## About this task
Copy exactly the lines of the data below, beginning with the line with "This is pretty" and ending with the line with "Grande caffettiera. Argento". Pictures are to be omitted.
** Opening Input material block **
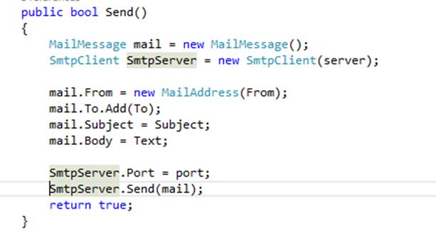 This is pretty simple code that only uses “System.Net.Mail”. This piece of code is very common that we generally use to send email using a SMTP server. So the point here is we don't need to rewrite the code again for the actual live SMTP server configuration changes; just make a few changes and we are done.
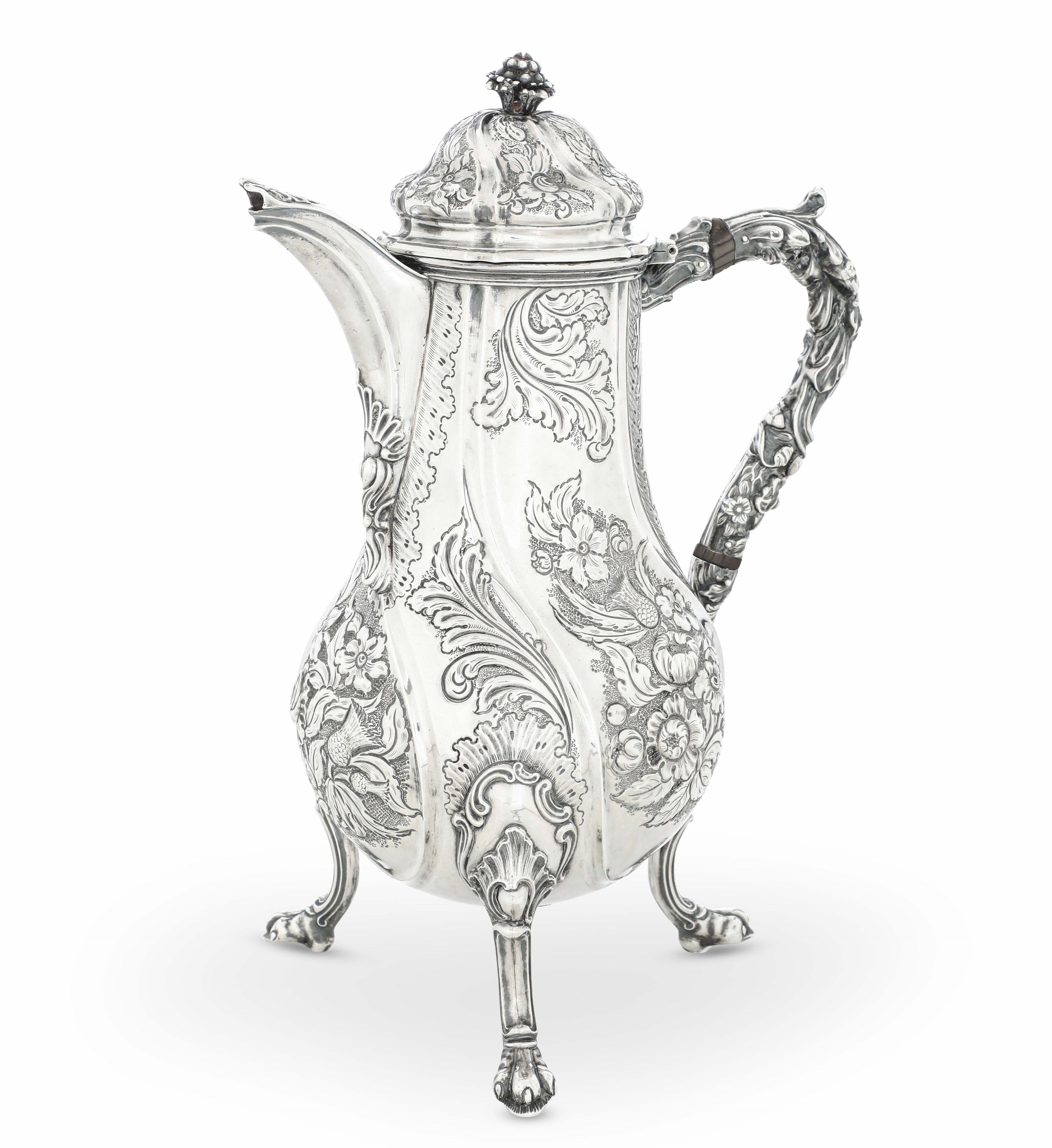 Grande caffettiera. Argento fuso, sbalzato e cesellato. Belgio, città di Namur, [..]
** Closing Input material block **
** Opening Input material block **
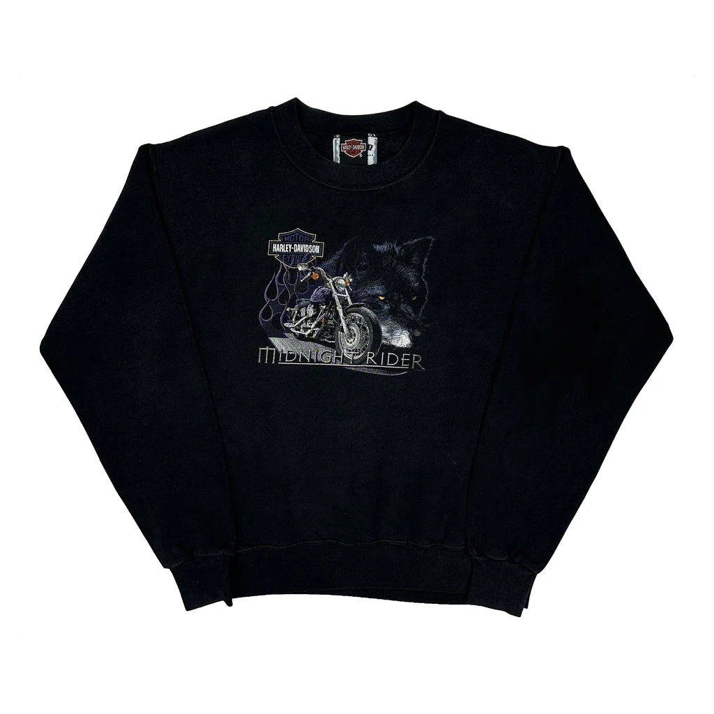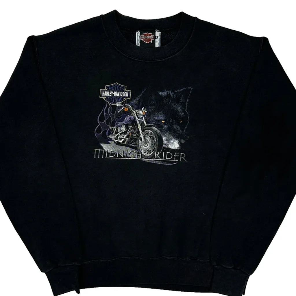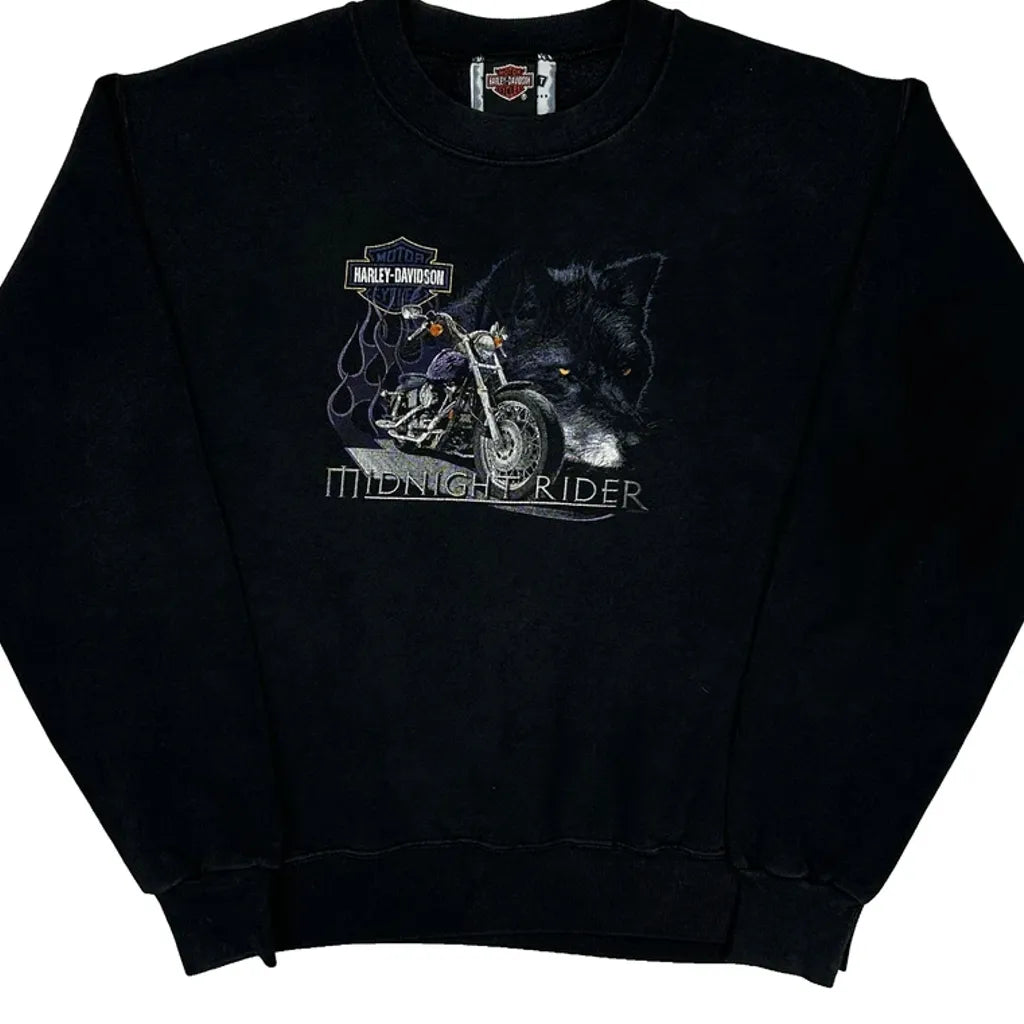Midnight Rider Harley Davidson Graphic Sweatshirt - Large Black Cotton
** Closing Input material block **
## Output
 This is pretty simple code that only uses “System.Net.Mail”. This piece of code is very common that we generally use to send email using a SMTP server. So the point here is we don't need to rewrite the code again for the actual live SMTP server configuration changes; just make a few changes and we are done.
 Grande caffettiera. Argento fuso, sbalzato e cesellato. Belgio, città di Namur, [..]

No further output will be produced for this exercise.